Where the Wild Things Are
Released December 3.
Where the Wild Things Are remakes Maurice Sendak’s beloved childhood picture book for a modern day single-parent generation: a young boy feeling alienated from his family and unloved, who journeys in his imagination to a place where he is allowed to physically express his emotions, a place where he belongs, a place where he is in control even – king of the Wild Things.
Spike Jonze has nailed the visuals and the spirit of the book; perhaps surprisingly (for a film that deals largely in puppets) it has also nailed the performances. The eight-or-so months spent making the costumes for the Wild Things result in detailed, lived-in concoctions of scales, feather and fur; the CGI facial expressions added in post production are perfectly synced with the pre-recorded voice work performed in ensemble by James Gandolfini, Forest Whittaker et al (which the costumed “performers” shaped their actions and interactions around). As a result, the Wild Things exude real personality, and their relationship with Max is both emotional and physical – none of this green screen business.

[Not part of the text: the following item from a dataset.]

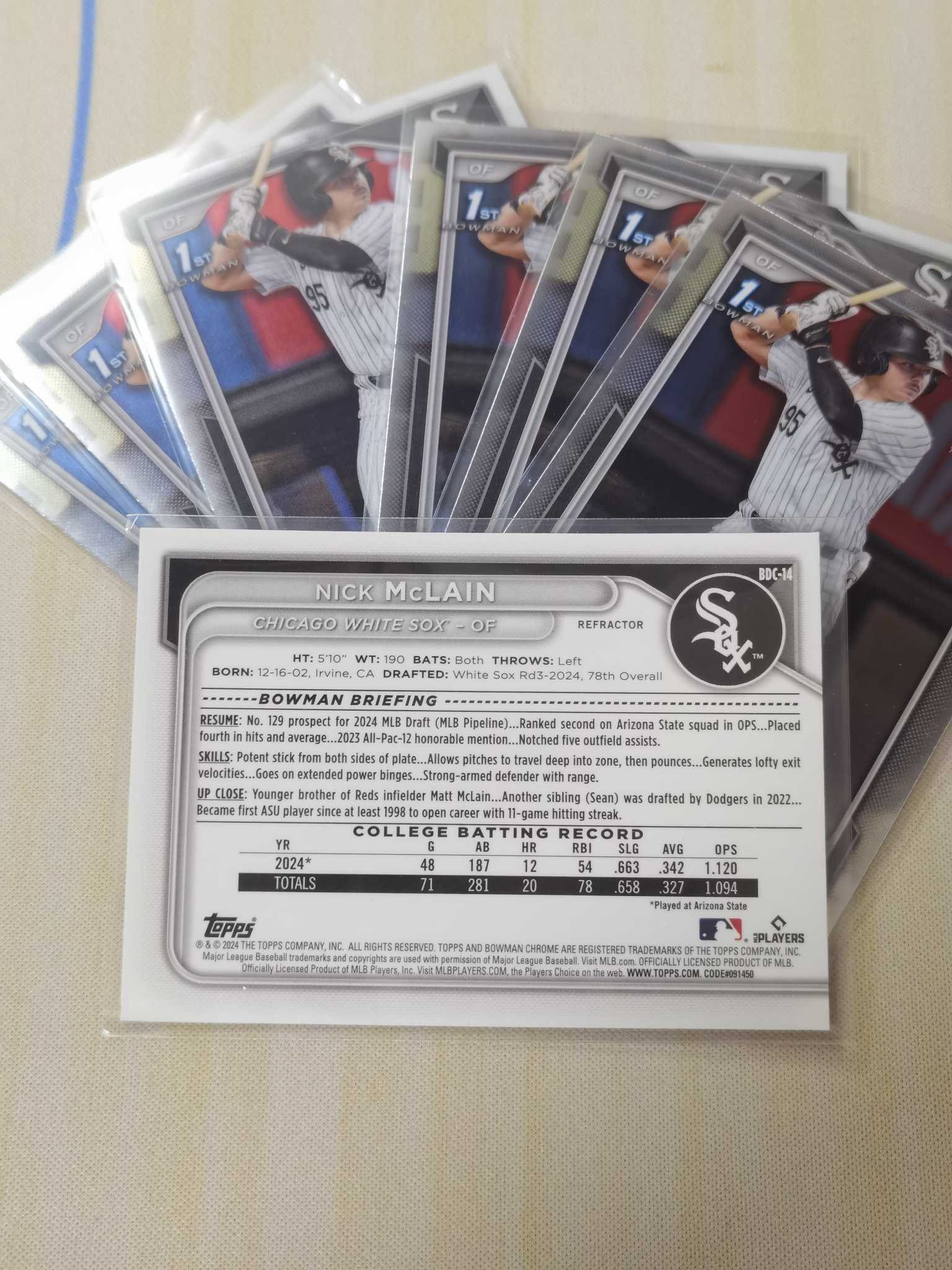 2024 Bowman Chrome Nick Mclain RC 尼克 麦克莱恩!白袜农场大雾内野游击手!新秀年1st正银折+base 打包lot!eBay价高,可搏psa高分!长期看涨!

Newcomer Max Records is unselfconscious on screen, channelling the anger, frustration and inconsolable hurt of a six year old who just wants to be the centre of a tight family unit; who can’t understand why his mom is hanging out with a strange new man, or why his sister would rather hang out with her mates than play with him. In a moment of rage, Max finds himself transported to where the Wild Things are, where his new friends embody the emotions he finds so hard to repress – anger, apathy, mistrust, resentment, alienation.
Hand held camera work for the action sequences is counterbalanced by some quite stunning wide shots, and Jonze uses evocative landscapes – a forest of trees blackened from bushfires; a gravelly wasteland; desert dunes. The soundtrack is largely comprised of the irrepressible can-do pop of Karen O (Yeah Yeah Yeahs) and “the kids”, with the occasional interlude by composer Carter Burwell, whose soundtracks for Being John Malkovich and Adaptation are so distinctive.